Miller moved to the Yankees, went to the team’s triple-A affiliate in Scranton, and mashed.

After two surgeries, Miller was healthy. He was producing at the plate the way he did three years ago, and his ailing body no longer limited him to just the infield. Miller said he became a better player in triple A by embracing his minor-league chance.

“There’s really no choice,” Miller said. “If your goal is to be the best player you can be and help the team, which is what my ultimate goal is, then it doesn’t matter where you are. You have to embrace it, or you’re going to be a sliver of your potential.”

The Phillies tried last summer to hold onto a division lead by plugging their roster holes with veterans, but the players they added were not all the right fit, and didn’t mesh with the other players. The front office decided this season to spend more time vetting potential additions before putting them in their clubhouse.

They added veteran Jay Bruce in early June and 11 days later brought in Miller. General manager Matt Klentak said the Phillies had gathered information on what the players were like as teammates, how they would respond to being used in a specific role, what type of person each was. A season after nosediving out of first place, the Phillies were adamant to not make additions in haste.
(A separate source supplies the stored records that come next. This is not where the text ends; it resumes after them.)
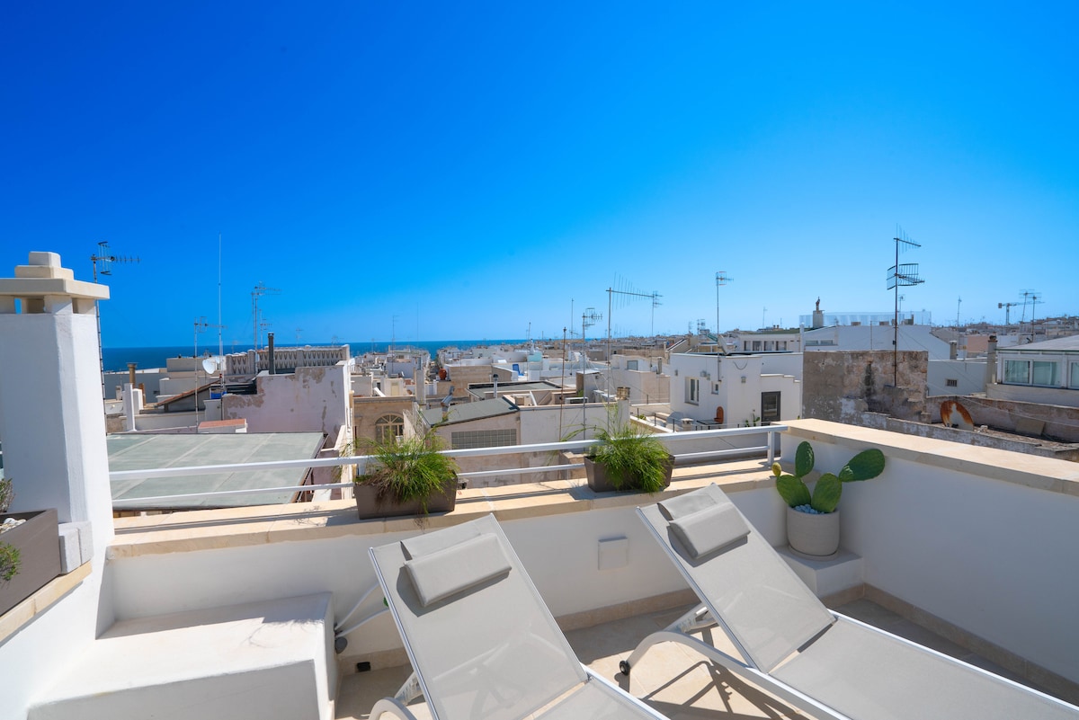 Cozy, modern and bright ROOFTOP, in the center of Polignano a Mare. 4 beds in 2 bedrooms with private bathrooms, courtesy set and hairdryer. 3rd floor without elevator. Free Private parking. N.B. In case of booking of 2 people, the second room and the bathroom will be closed for a better management of the spaces. If even a single couple wants to use the two rooms, it will be necessary to select 3 guests. City tax 2 € p.p. per night.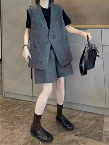 漂亮女装高端洋气减龄套装微胖女生显瘦通勤西装马甲短裤两件套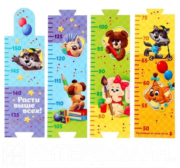 Проследить за тем, как ребёнок тянется вверх, поможет детский ростомер с забавными рисунками.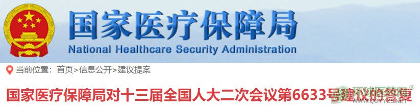 同期,國家醫(yī)保局官網(wǎng)公布《國家醫(yī)療保障局對(duì)十三屆全國人大二次會(huì)議第6633號(hào)建議的答復(fù)》。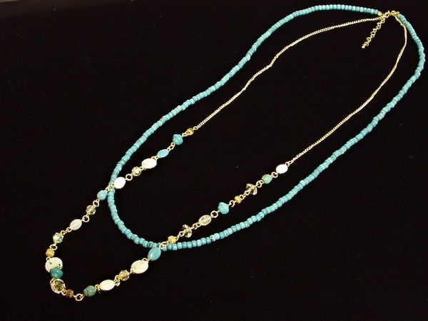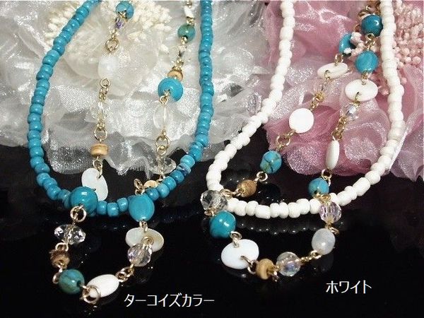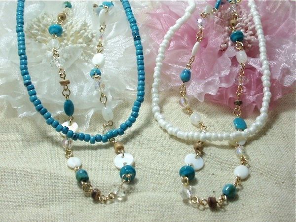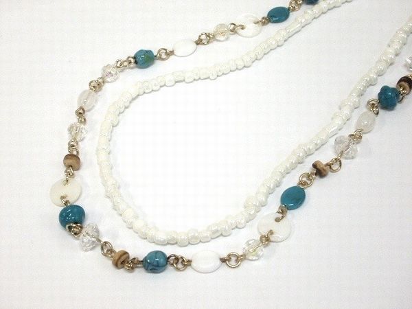 | これからの季節に活躍してくれそうなターコイズカラー・ホワイトカラーのロングネックレスです♪ |

“I didn’t know there would be a bamboo obsession that would kind of capture the town,” Klentak said. “But I think we heard really good things about Miller’s energy, his positivity, his makeup, and the fact that he’s fit in well has not been a surprise. The fact that he’s been the ringleader for some of this stuff has been awesome.”

Miller arrived in Atlanta last month a day before the Phillies flew south. It was by coincidence that he picked the same restaurant as his new teammates. It was a chance to meet his new team and it was a chance for the leaders of the clubhouse to meet the player the front office thought would mesh with their group.

He went 12 days later to Chinatown, bartered with a shopkeeper to lower the price on the store’s biggest bamboo plant, and then lugged it to the clubhouse. The tension of a seven-game losing streak was eased by Miller’s purchase. But he’s brought much more than just a bamboo plant.

“I just try to be myself. I want to add something positive,” Miller said. “That’s the biggest thing I focus on, and hopefully these guys can get a feel for what I’m all about. It just feels good to be healthy and to be part of a really good group here.”